What is Diff? Complete Guide with Examples
Diff is a tool and output format that shows the differences between two files or text versions. Originally a Unix command-line utility, diff is now fundamental to version control systems (Git), code review platforms (GitHub, GitLab), and development workflows. The diff output shows which lines were added, removed, or modified between two versions, using a standardized format that both humans and tools can interpret.
Use our free tools to experiment with diff (code comparison).

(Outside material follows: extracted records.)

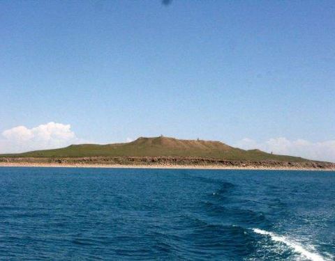 海心山,青海湖中心略偏南,距离鸟岛25公里。岛缘多为悬崖峭壁,岛上有清泉,有庙宇。赞。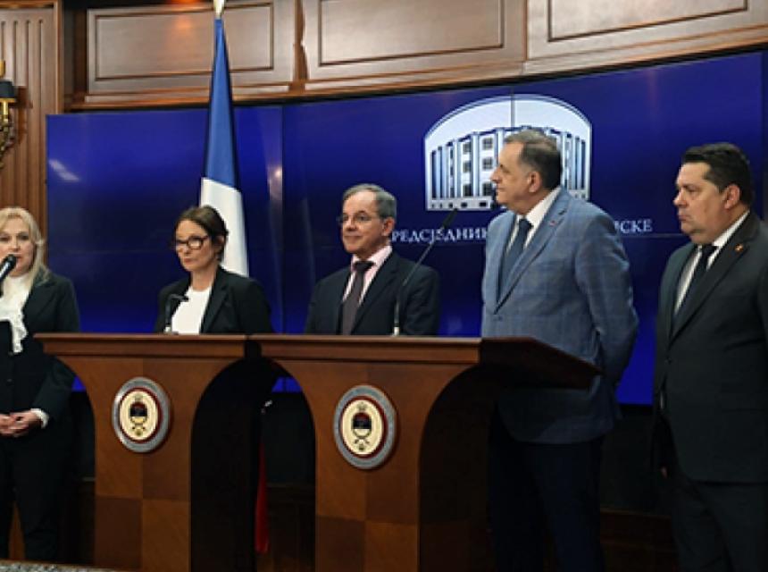 The President of the National Assembly of the Republic of Srpska, Dr. Nenad Stevandic, attended today in Banja Luka the meeting of the President of the Republic of Srpska, Milorad Dodik, with the European Parliamentarians Pascale Piera and Thierry Mariani, at which the current political situation in the Republic of Srpska and Bosnia and Herzegovina was discussed.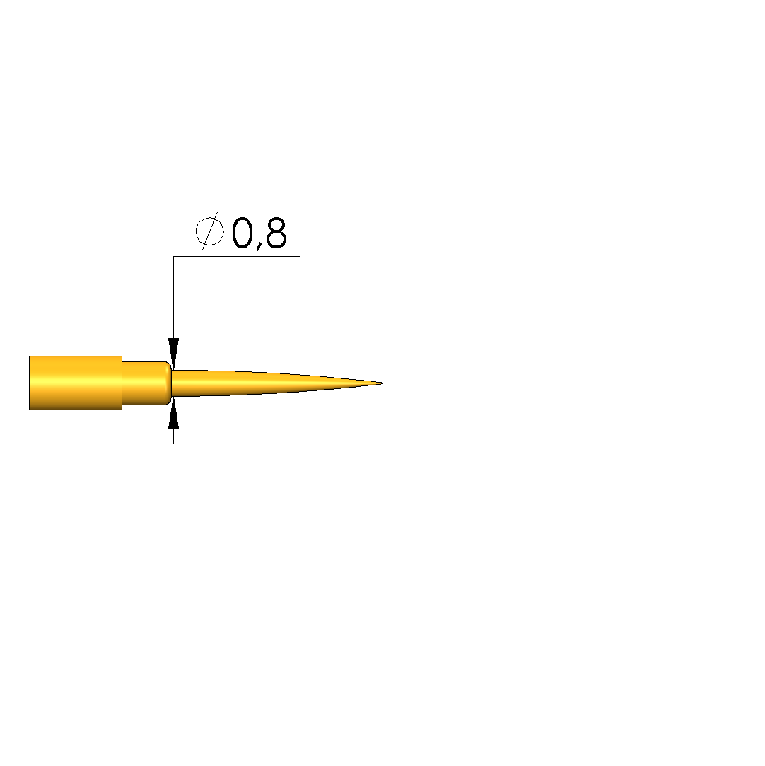 - Mittig-rollierte Variante mit geringem Taumelspiel zur Kontaktierung von kleinen Prüfpunkten

How Does Diff (Code Comparison) Work?
Diff algorithms compute the minimum edit distance between two sequences of lines using dynamic programming approaches like the Myers algorithm. The result is an edit script describing the minimal set of insertions and deletions to transform one file into the other. Output formats include unified diff (showing context with +/- prefixes), side-by-side (two columns), and context diff (showing surrounding lines). Git extends basic diff with word-level highlighting, rename detection, and binary file handling.
Key Features
- Unified diff format showing changes with + (added) and - (removed) prefixes and context lines
- Side-by-side comparison mode for visual review of changes
- Word-level and character-level diff for identifying specific changes within lines
- Git integration for comparing commits, branches, staging area, and working tree changes
- Directory comparison (recursive diff) for finding differences across entire projects
Common Use Cases
Git Version Control
Every git commit stores diffs — the changes from the previous version. Commands like git diff, git log -p, and git show display diffs for reviewing changes, understanding history, and debugging regressions.
Pull Request Code Review
GitHub and GitLab present pull request changes as diffs, allowing reviewers to see exactly what code was added, removed, or modified in each file, with inline commenting for feedback.
Configuration Change Tracking
Operations teams compare configuration files between environments or versions to identify what changed, verify deployments, and troubleshoot issues caused by config modifications.